What happens to my account in the event of my death? Now my son and daughter are being sponsored by my husband but who will get the money lying in my account? Will my children automatically get the amount? Will my daughter who is an adult automatically have access to the account if my husband provides the death certiicate and the relationship proof? Or is it my husband who will be able to access the account? Will that account get frozen till my husband is able to provide the documents? I want to know who the ultimate beneficiary will be.

What do I need to do if I want the amount to be divided in half, one half going to my son and one half to my daughter? Do I need to make a will for that? Am I eligible to make a will even if I am not working and am on the sponsorship of my husband? 

In India, we are able to give the names of nominess for savings bank accounts. But I do not seem to see that practice here.

I also have a joint account with my husband. In the even of my husband's death, I know that the account will get frozen and my children and I have to leave the country within a month. Will my children and I be the ultimate beneficiaries if we provide the relevant details such as the death certificated, passport details etc. I have heard that my husband's father and brothers and not the wife will be beneficiaries in case of his death. My husband is the youngest son and is his father is not dependant on him. His brothers are retired and their children are working and earning. Does my husband need to make a will to ensure that either full or part of the amount in his account comes to his wife and children?


----------



## pamela0810 (Apr 5, 2010)

Wow! These are a lot of questions.

From what I understand, in the event of your death, it is your husband who will be the beneficiary and it is his responsibility to then distribute the money as per your wishes.
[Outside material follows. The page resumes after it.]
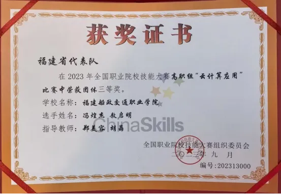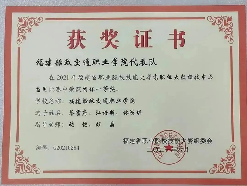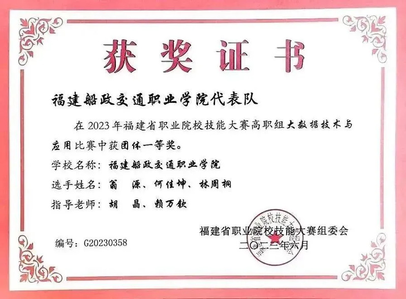 人才培養(yǎng)依托行業(yè)領(lǐng)軍企業(yè),結(jié)合智慧交通大數(shù)據(jù)、智慧海洋大數(shù)據(jù)等產(chǎn)業(yè)發(fā)展方向,注重“產(chǎn)教融合、課證融通、以賽促學(xué)”的教育理念,學(xué)生多次在世界職業(yè)院校技能大賽、全省職業(yè)院校技能競(jìng)賽、金磚國(guó)家技能發(fā)展與技術(shù)創(chuàng)新大賽、華為ICT大賽等專業(yè)相關(guān)賽項(xiàng)中榮獲一等獎(jiǎng)、二等獎(jiǎng)的好成績(jī)。

There is nothing preventing you from making a will. If you have a doubt, I would suggest you go ahead and prepare one and ensure that it covers each and every tiny detail. You should check with the consulate on how you can get the will legally attested as well.
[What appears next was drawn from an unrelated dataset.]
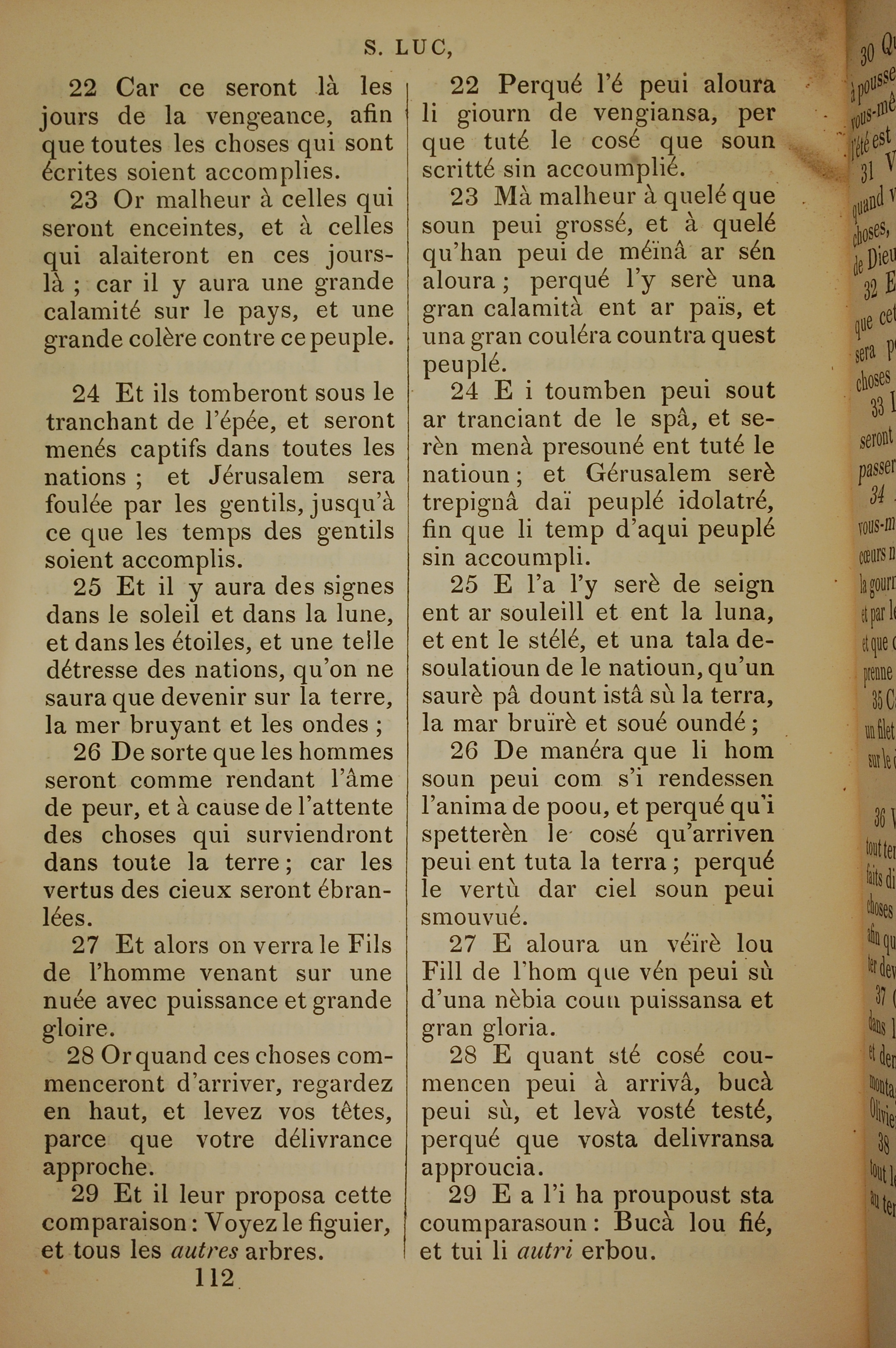 1832年法文聖經路加福音及約翰福音 路加福音 21 章 22 節到 21 章 29 節

As for all your bank related questions, it would be best to call your bank directly to get these answered.


----------



## rsinner (Feb 3, 2009)

A similar thread - may answer your questions or may not
http://www.expatforum.com/expats/du...g-dubai/26155-death-expats-uae-questions.html


----------



## vvpv (Mar 20, 2011)

Thanks for your replies.



> From what I understand, in the event of your death, it is your husband who will be the beneficiary and it is his responsibility to then distribute the money as per your wishes.


Will not my account get frozen in the event of my death just as my spouse's will be in the event of his?


----------



## Canuck_Sens (Nov 16, 2010)

Well we are all under the Sharia law and you should think in ways to minimize that impact.

one of things that you can do is to transfer funds periodically from your UAE account and service your son's account through that account being held offshore. 

If there is trust among you all share your passwords and so forth, but again at the event of death your account will get frozen regardless whether it is a single or a joint account. 

HSBC can be used for that purpose I dont know the other banks.

If you buy properties here I recommend getting a good lawyer for the will. Got properties in different locations ? maybe power of attorney to relatives would suffice...

I personally set up account transfers and provided power of attorney to relatives


----------